Written by Kevin Gurr

Fact Closed-circuit rebreathers (CCRs) are popular in advanced recreational diving owing to advantages such as minimisation of gas consumption and the optimising (reduction) of decompression. Rebreathers recycle expired gas around a closed loop circuit using one-way valves. Expired carbon dioxide (CO2) is removed as it passes through a ‘scrubber’ canister containing CO2 absorbent. The most commonly used absorbent is soda lime (a mixture of sodium hydroxide and calcium hydroxide).

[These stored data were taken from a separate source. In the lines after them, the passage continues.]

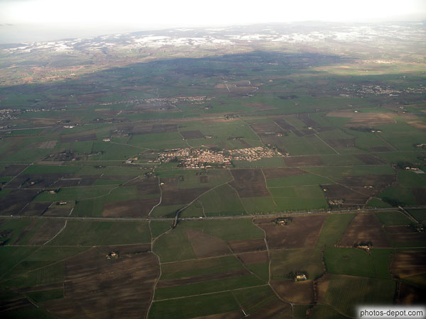 Autoroute et village vue d'avion, France
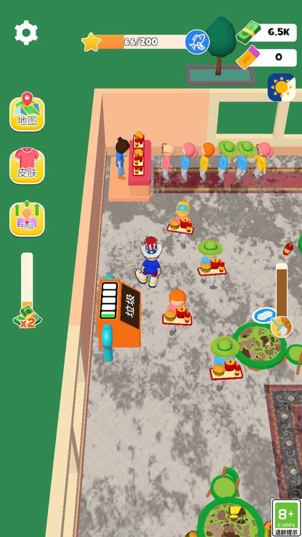 2、顾客就餐后产生垃圾,及时清理,满足顾客需求得额外奖励,积累口碑,解锁回头客,团体单等隐藏订单。
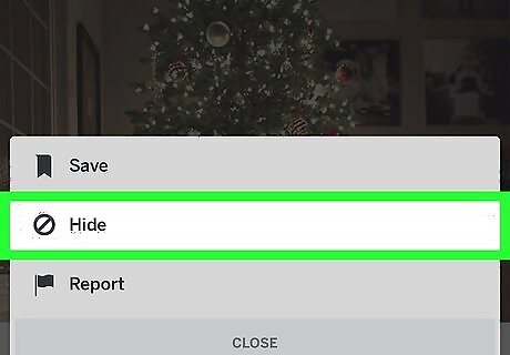 Tap Hide in the popup menu. You will see a bar that says "This post is now hidden" at the bottom of the screen.
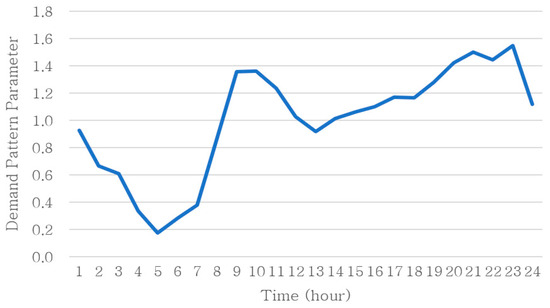 Baseline data for comparative hydraulic analysis were initially gathered using a multisensor monitoring platform for water distribution networks provided by the Office of Waterworks, Incheon City. Analysis of flow data from measuring stations in the target area revealed August 2023 as the month with the highest water supply. Consequently, hourly flow data from August 1 to 30 were compiled to create the initial pattern for the target area. Daily demand patterns were then derived by averaging collected data for each hour. Figure 5 illustrates the graph depicting the initial demand patterns of the target area.

Rebreathers are more complex than open-circuit scuba equipment and can be prone to operator errors. Some of these relate to the CO2 scrubber and its use. The absorbent material has a finite capacity and must be changed regularly. Errors include failing to replace the absorbent material when required, incorrect packing of the absorbent canister, incorrect installation of the canister in the rebreather and, rarely, forgetting to install it (or the material) entirely. Such errors may allow expired CO2 to enter the inhaled gas which may in turn cause symptomatic CO2 toxicity (hypercapnia). Hypercapnia is also known to speed the onset of oxygen toxicity and the narcotic effect of nitrogen breathed at higher partial pressures.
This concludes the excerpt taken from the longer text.